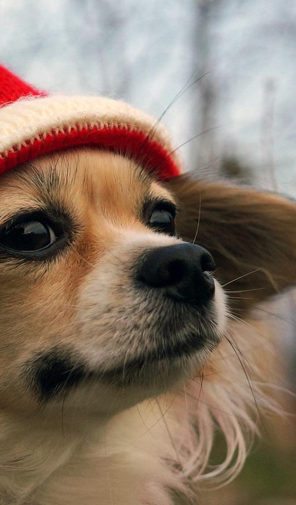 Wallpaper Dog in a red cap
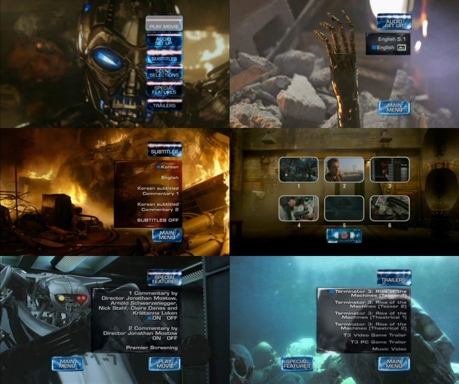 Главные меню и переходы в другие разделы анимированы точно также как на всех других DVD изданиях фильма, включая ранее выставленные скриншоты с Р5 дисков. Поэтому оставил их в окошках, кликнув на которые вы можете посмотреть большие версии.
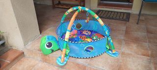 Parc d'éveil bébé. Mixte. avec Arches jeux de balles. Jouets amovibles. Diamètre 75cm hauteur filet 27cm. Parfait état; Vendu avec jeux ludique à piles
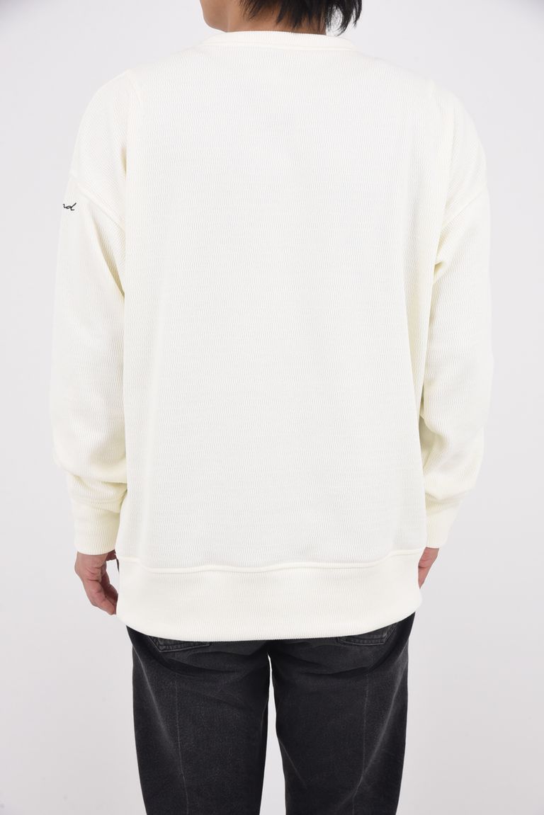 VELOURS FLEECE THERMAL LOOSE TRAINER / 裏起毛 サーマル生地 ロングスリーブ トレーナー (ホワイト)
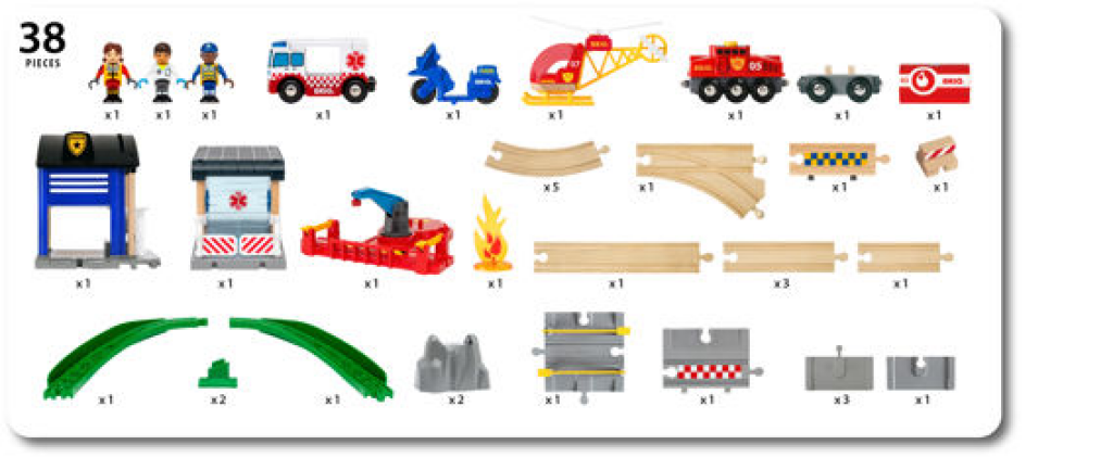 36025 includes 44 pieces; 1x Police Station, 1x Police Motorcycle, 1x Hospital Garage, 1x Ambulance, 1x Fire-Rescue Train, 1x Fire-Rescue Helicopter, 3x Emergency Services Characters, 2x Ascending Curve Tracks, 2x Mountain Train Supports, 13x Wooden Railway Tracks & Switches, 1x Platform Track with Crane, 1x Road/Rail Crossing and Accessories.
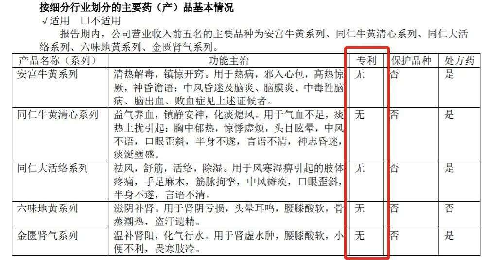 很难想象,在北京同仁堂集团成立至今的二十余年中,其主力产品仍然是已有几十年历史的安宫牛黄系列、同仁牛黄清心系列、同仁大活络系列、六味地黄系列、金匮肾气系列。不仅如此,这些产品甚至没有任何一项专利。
^^^^^^^^^^^^^^^^
▶ [AIM OF THE TASK]:
Copy exactly and only this span: the line with "VELOURS FLEECE THERMAL" through the final line of the entries, both ends included, with the pictures left out.

▶ [EXERCISE ANSWER]:
 VELOURS FLEECE THERMAL LOOSE TRAINER / 裏起毛 サーマル生地 ロングスリーブ トレーナー (ホワイト)
 36025 includes 44 pieces; 1x Police Station, 1x Police Motorcycle, 1x Hospital Garage, 1x Ambulance, 1x Fire-Rescue Train, 1x Fire-Rescue Helicopter, 3x Emergency Services Characters, 2x Ascending Curve Tracks, 2x Mountain Train Supports, 13x Wooden Railway Tracks & Switches, 1x Platform Track with Crane, 1x Road/Rail Crossing and Accessories.
 很难想象,在北京同仁堂集团成立至今的二十余年中,其主力产品仍然是已有几十年历史的安宫牛黄系列、同仁牛黄清心系列、同仁大活络系列、六味地黄系列、金匮肾气系列。不仅如此,这些产品甚至没有任何一项专利。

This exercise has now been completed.